Les rapporteures ont su concilier clairvoyance juridique et exigence de protection. Elles ont notamment retenu le terme de « circonstances » – au pluriel – pour définir le cadre d'appréciation du consentement, terme qui permet d'éviter toute formulation floue tout en conservant une souplesse interprétative.
Cependant, il est bon de rappeler qu'un texte à lui seul ne change pas tout. La proposition de loi marque un tournant important, certes, mais pas un aboutissement. Elle ne réglera ni les classements sans suite, ni les renoncements à déposer plainte, ni les difficultés d'instruction.
Aussi cette réforme mérite-t-elle de s'inscrire dans un panorama plus large. L'inscription du non-consentement dans le code pénal était nécessaire, mais elle ne suffira pas.
Nous attendons avec impatience, madame la ministre, la présentation de votre loi-cadre sur les violences sexuelles, que nous espérons assortie de moyens et d'objectifs concrets dans toutes ses dimensions : pénales, sociétales, sanitaires, éducatives et de formation.
Pour conclure, mes chers collègues, ce texte mérite d'être voté et salué pour l'avancée qu'il représente, mais c'est à l'adoption d'une loi-cadre ambitieuse que nous souhaitons nous atteler désormais.
Bien évidemment, notre groupe votera pour. (Applaudissements sur les travées du groupe RDSE, ainsi que sur des travées des groupes SER, UC et Les Républicains.)
Mme la présidente. La parole est à Mme Dominique Vérien, pour le groupe Union Centriste. (Applaudissements sur les travées des groupes UC et INDEP. – M. Hussein Bourgi applaudit également.)
Mme Dominique Vérien. Madame la présidente, madame la ministre, mes chers collègues, il me revient de clore cette discussion, que ma chère corapporteure a ouverte. Vous noterez l'organisation bien huilée du Sénat ! (Sourires.)

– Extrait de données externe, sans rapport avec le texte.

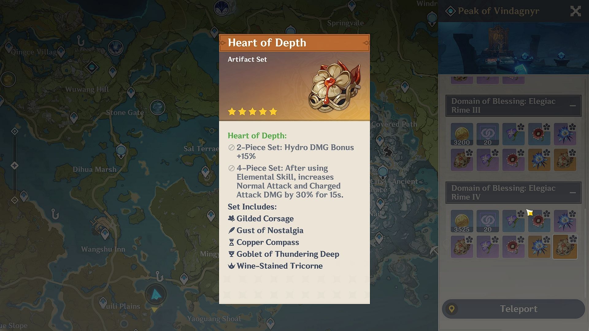 Heart of Depth is another great artifact for Mualani. It provides a 15% Hydro DMG bonus and buffs the Normal and Charged Attack DMG by 30%. You can go with this option if you don't have the first two sets.
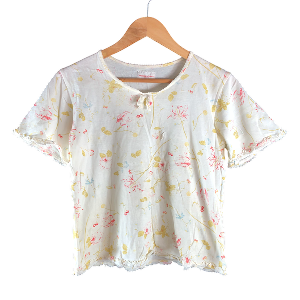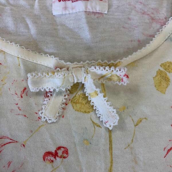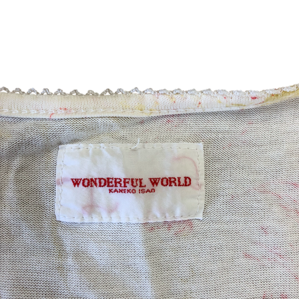 ワンダフルワールド WONDERFUL WORLD カネコイサオ カットソー 半袖 花柄 リボン フリル レース 綿100% アイボリー キナリ系 Mサイズ 982957
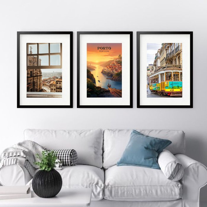 Kit 3 Quadros Grandes Portugal - 60x48cm:moldura Preta Moldura Preta
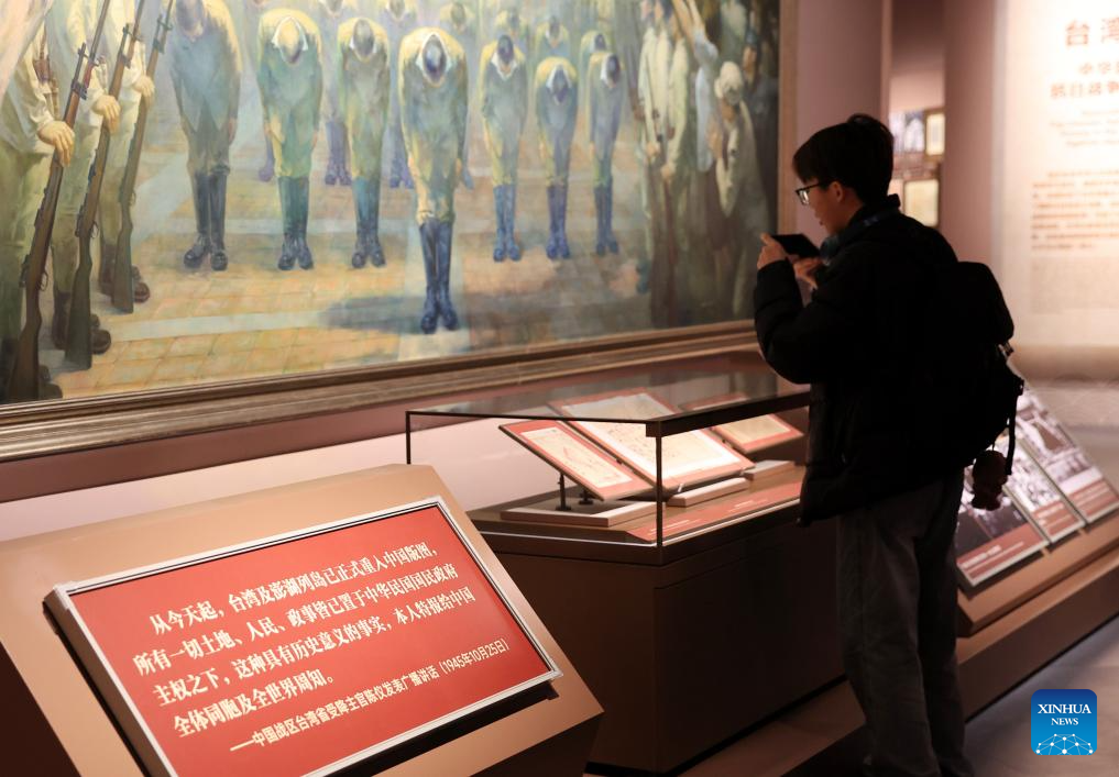 A man takes photos at "Unyielding Treasure Island: Loyal to the Motherland," an exhibition on the history of Taiwan compatriots' resistance against Japanese aggression, at the Museum of the War of Chinese People's Resistance Against Japanese Aggression in Beijing, capital of China, Oct. 25, 2025. Featuring 387 archive photographs and 453 cultural relics, the exhibition opened here on Saturday to commemorate the 80th anniversary of Taiwan's restoration to China. (Xinhua/Zhang Chenlin)

Mes chers collègues, lorsque vos enfants ou vos petits-enfants sortent le soir, donnez-vous les mêmes conseils aux garçons qu'aux filles ?
Mesdames, combien d'entre vous ont déjà changé de trottoir pour éviter de passer devant un groupe d'hommes un peu bruyants ?
Faites-vous partie de celles qui, seules dans la rue, tard le soir, mettent leur clé dans la main pour avoir une éventuelle – quoique bien dérisoire – arme de défense ? J'ai découvert avec stupeur que nous étions nombreuses à le faire.
Quel est ce monde où les filles et les femmes doivent adopter des stratégies d'évitement, pour échapper à un regard appuyé à en devenir gênant, à une remarque déplacée, à un geste intrusif, à une pression, à un harcèlement, à un viol ?
Pour celles qui n'ont pas pu se soustraire à un viol, combien n'ont pas pu réagir, tétanisées qu'elles étaient par la peur ?
Comment justifier ce silence, pourtant si fréquent ?
Et, n'en déplaise à certains, qui ne dit mot ne consent pas !
Mes chers collègues, il y a des lois qui réparent, et d'autres qui redonnent du sens. Le texte que nous examinons aujourd'hui fait les deux.